Task statement »
Skip the pictures and write out, word for word, the lines below from the one with "- Engage different" through the one with "En paralelo, se", inclusive.
*** Excerpted data ***
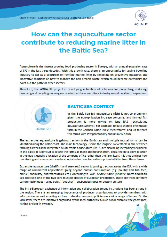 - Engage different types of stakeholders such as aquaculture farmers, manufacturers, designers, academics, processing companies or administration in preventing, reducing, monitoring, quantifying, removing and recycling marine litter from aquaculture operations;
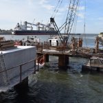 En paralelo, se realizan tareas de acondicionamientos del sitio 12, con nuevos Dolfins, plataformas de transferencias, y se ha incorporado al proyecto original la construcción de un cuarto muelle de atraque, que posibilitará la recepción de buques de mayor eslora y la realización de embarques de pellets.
*** End of Excerpted data ***
*** Excerpted data ***
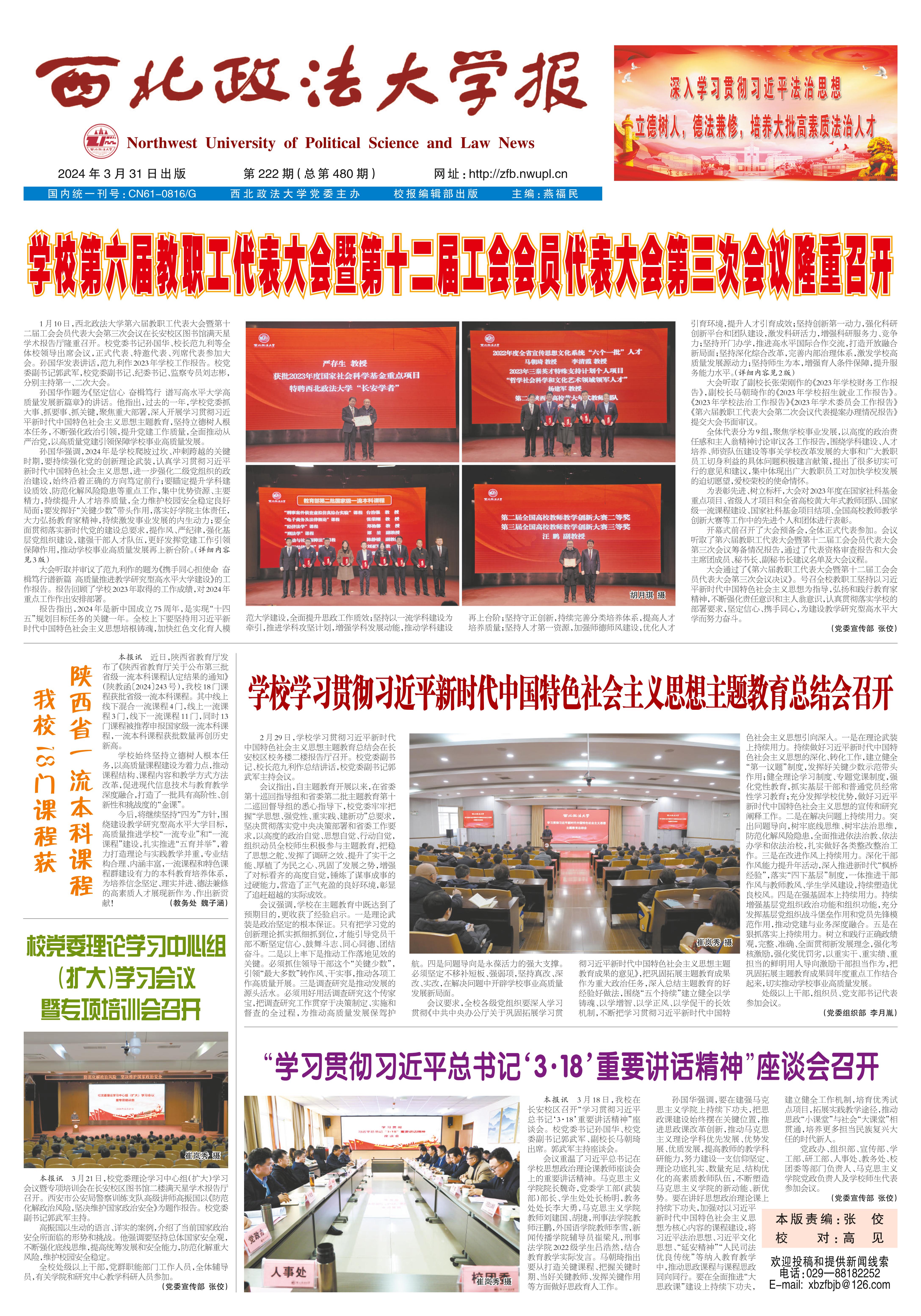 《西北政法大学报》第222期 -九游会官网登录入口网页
*** End of Excerpted data ***
*** Excerpted data ***
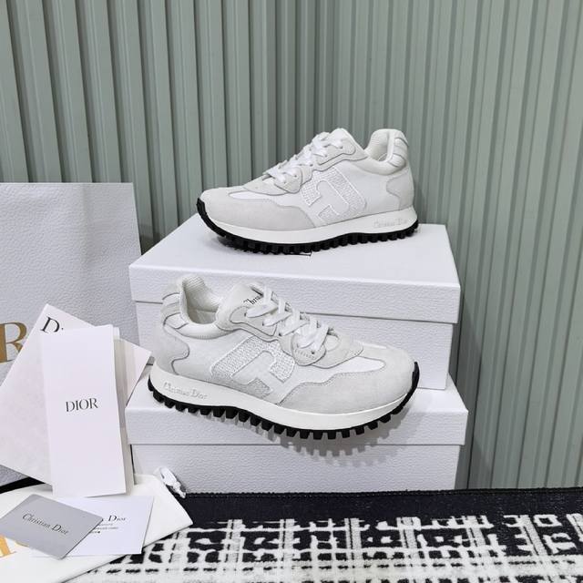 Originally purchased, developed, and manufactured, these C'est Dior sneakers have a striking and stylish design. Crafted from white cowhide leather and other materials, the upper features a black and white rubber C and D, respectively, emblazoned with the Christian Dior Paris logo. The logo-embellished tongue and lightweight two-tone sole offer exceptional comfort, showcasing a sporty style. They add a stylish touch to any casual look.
*** End of Excerpted data ***
Written solution »
 - Engage different types of stakeholders such as aquaculture farmers, manufacturers, designers, academics, processing companies or administration in preventing, reducing, monitoring, quantifying, removing and recycling marine litter from aquaculture operations;
 En paralelo, se realizan tareas de acondicionamientos del sitio 12, con nuevos Dolfins, plataformas de transferencias, y se ha incorporado al proyecto original la construcción de un cuarto muelle de atraque, que posibilitará la recepción de buques de mayor eslora y la realización de embarques de pellets.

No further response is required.